I never quite understood the if needed part of the description.

.fetchAll() Fetches the given list of Parse.Object.

.fetchAllIfNeeded() Fetches the given list of Parse.Object if needed.

What is the situation where I might use this and what exactly determines the need? I feel like it's something super elementary but I haven't been able to find a satisfactory and clear definition.

In the example in the API, I notice that the fetchAllIfNeeded() has:

// Objects were fetched and updated.

In the success while the fetchAll only has:

// All the objects were fetched.

So does the fetchAllIfNeeded() also save stuff too? Very confused here.

UPDATES

TEST 1

Going on some of the hints @danh left in the comments I tried the following things.

var todos = [];
var x = new Todo({content:'Test A'});  // Parse.Object
todos.push(x);
x.save();

// So now we have a todo saved to parse and x has an id. Async assumed.

x.set({content:'Test B'});

Parse.Object.fetchAllIfNeeded(todos);

So in this scenario, my client x is different than the server. But the x.hasChanged() is false since we used the set function and the change event is triggered. fetchAllIfNeeded returns no results. So it isn't that it's trying to compare this outright to what is on the server to sync and fetch.

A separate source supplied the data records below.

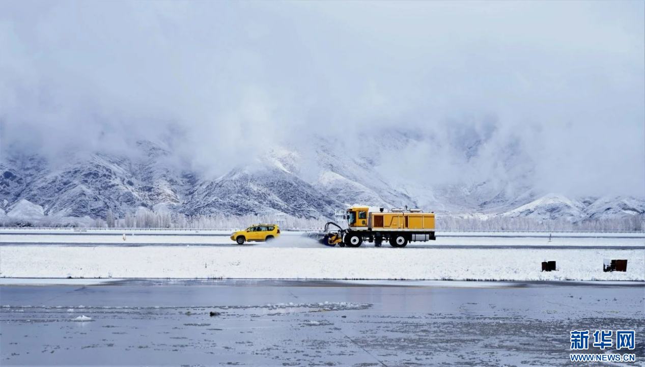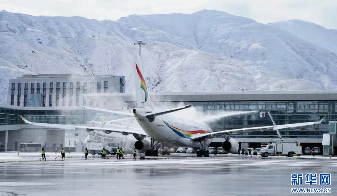 圖為拉薩貢嘎機場開展航空器除冰雪工作。新華網(wǎng) 白瑪群宗 攝
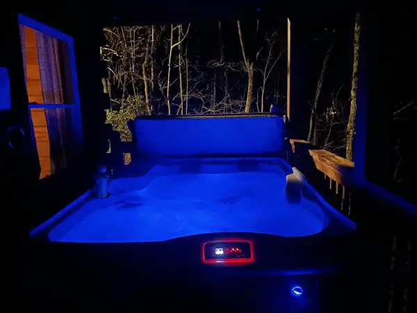 Relax in the hot tub under the stars, surrounded by peaceful mountain woods. Perfect for couples romentic escape, families, or a quiet getaway.
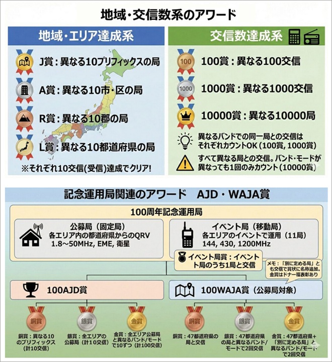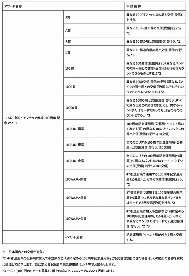 2026年6月1日から2027年9月30日24時(JST)までの交信が有効のアワード。異なる10プリフィックスの局と交信(受信)を行う「J賞」から、47都道府県に加え小笠原など「別に定める100周年記念運用局」(公募局)とそれぞれ異なるバンドまたはモードで2回交信(受信)を行うという「100WAJA・金賞」まで、14種類のアワードが用意されている。申請受付期間は2026年6月1日から2027年12月31日まで。
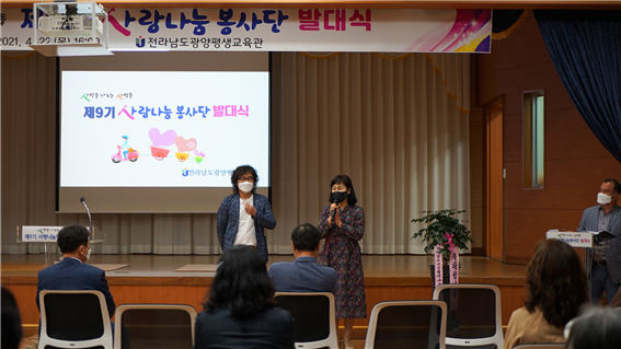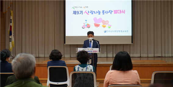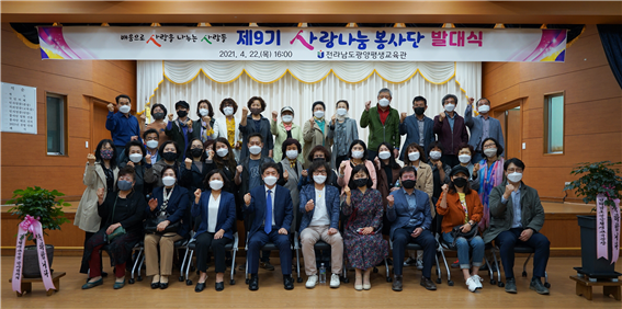 Vol.14전라남도광양평생교육관(관장 선승헌)은 지난 4월 22일 사랑나눔봉사단 40여명이 참석한 가운데 거리두기 등 방역수칙을 철저히 지키며 ‘제9기 사랑나눔봉사단’ 발대식을 가졌다.
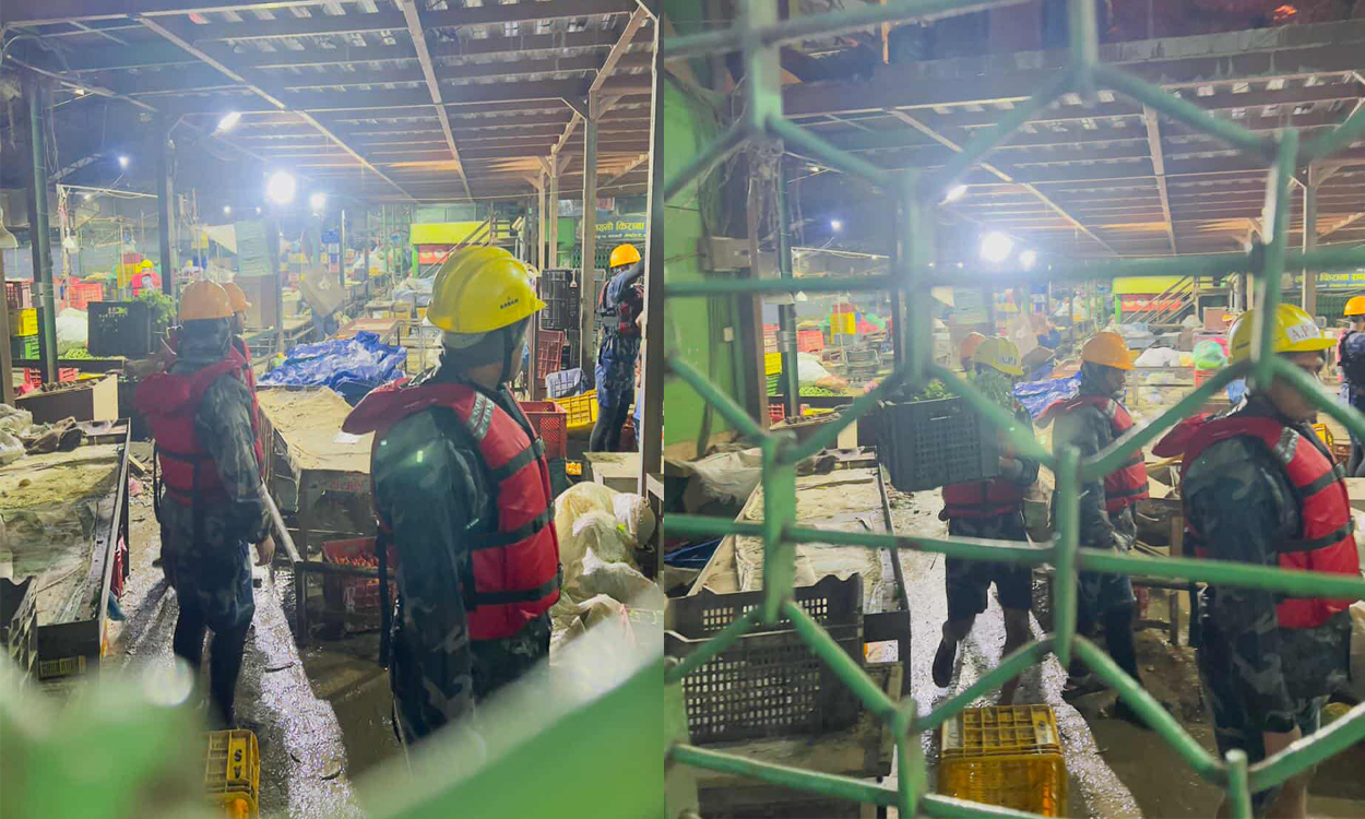 तरकारी बजारभित्र पानी पसेपछि यति बेला तरकारी बजार खाली गराइएको छ ।
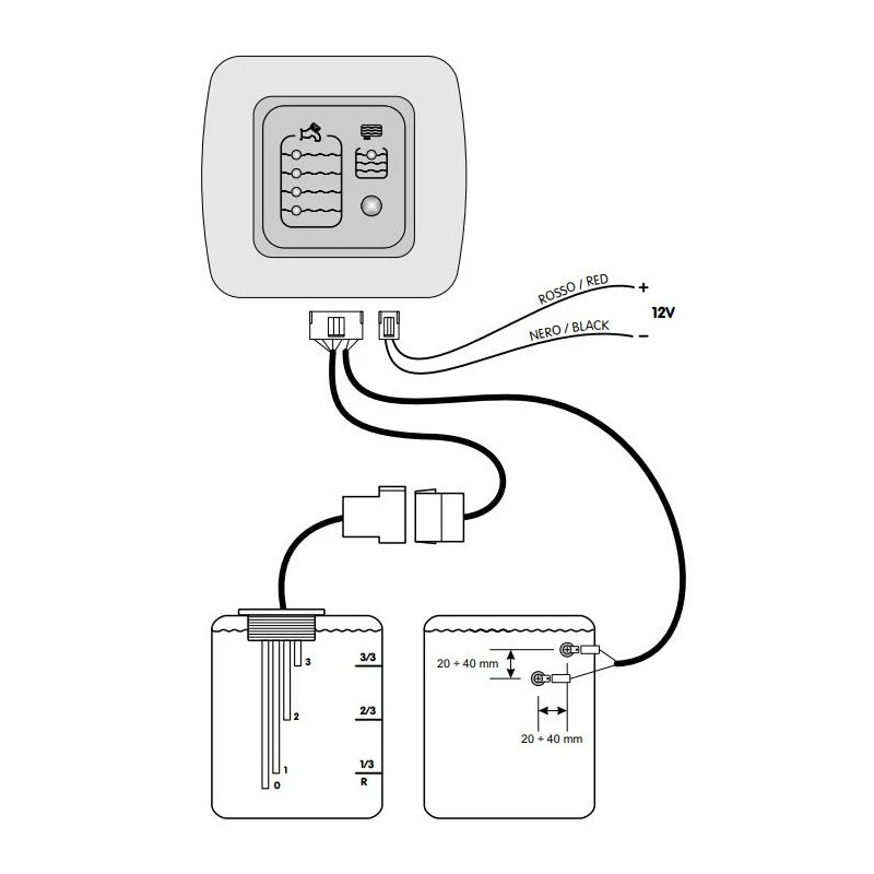 Kit sonde indicateur de niveau pour eau potable : Indicateur + sonde + câblage, pour réservoirs et cuves des bateaux et camping-cars.
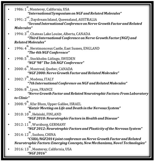 The International NGF Meeting series has many unique features setting it apart from most scientific meetings (Figure 6). It did not start as a series and has little or no continuous leadership. With the exception of the 2004 meeting that ultimately was not held, there has been continued support, indeed enthusiasm, for the series. Considering it is not associated with any established organization or learned society, its overall stability and staying power is even more remarkable. The latest meeting (Figure 7), envisioned as a 30-year anniversary of the first meeting, continued the tradition and allowed some reflection on where the field has gone over the period between the two meetings [48]. The field has advanced enormously and continues to do so. Collectively and individually, the neurotrophic factor family, headed by the patriarch, NGF, has become central for revealing basic principles of cell and neurobiology and its relevance to disease—particularly those with their origins in the CNS, which are among the most devastating and intractable to manage and treat. There can be little doubt about the important role they have in these disorders and the potential they offer to provide routes to therapy.
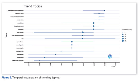 In summary, thematic evolution reflects a shift from classic pathophysiological factors (e.g., intraocular pressure in glaucoma) to a broader population health approach (blindness, risk factors, prevalence), and more recently, toward therapeutic and methodological advances (new interventions evaluated through RCTs). This trend analysis confirms that highly influential ophthalmological research has adapted to emerging challenges in the field, incorporating increasingly important themes such as global blindness, retinal neovascular diseases, and evidence-based medicine via rigorous clinical trials.

I notice that in the request payload, running the fetchAllIfNeeded is sending the following interesting thing.

{where: {objectId: {$in: []}}, _method: "GET",…}

So it seems that on the clientside something determines whether an object isNeeded

Test 2

So now, based on the comments I tried manipulating the changed state of the object by setting with silent.

x.set({content:'Test C'}, {silent:true});
x.hasChanged(); // true
Parse.Object.fetchAllIfNeeded(todos);

Still nothing interesting. Clearly the server state ("Test A") is different than clientside ("Test C"). and I still results [] and the request payload is:

{where: {objectId: {$in: []}}, _method: "GET",…}

UPDATE 2

Figured it out by looking at the Parse source. See answer.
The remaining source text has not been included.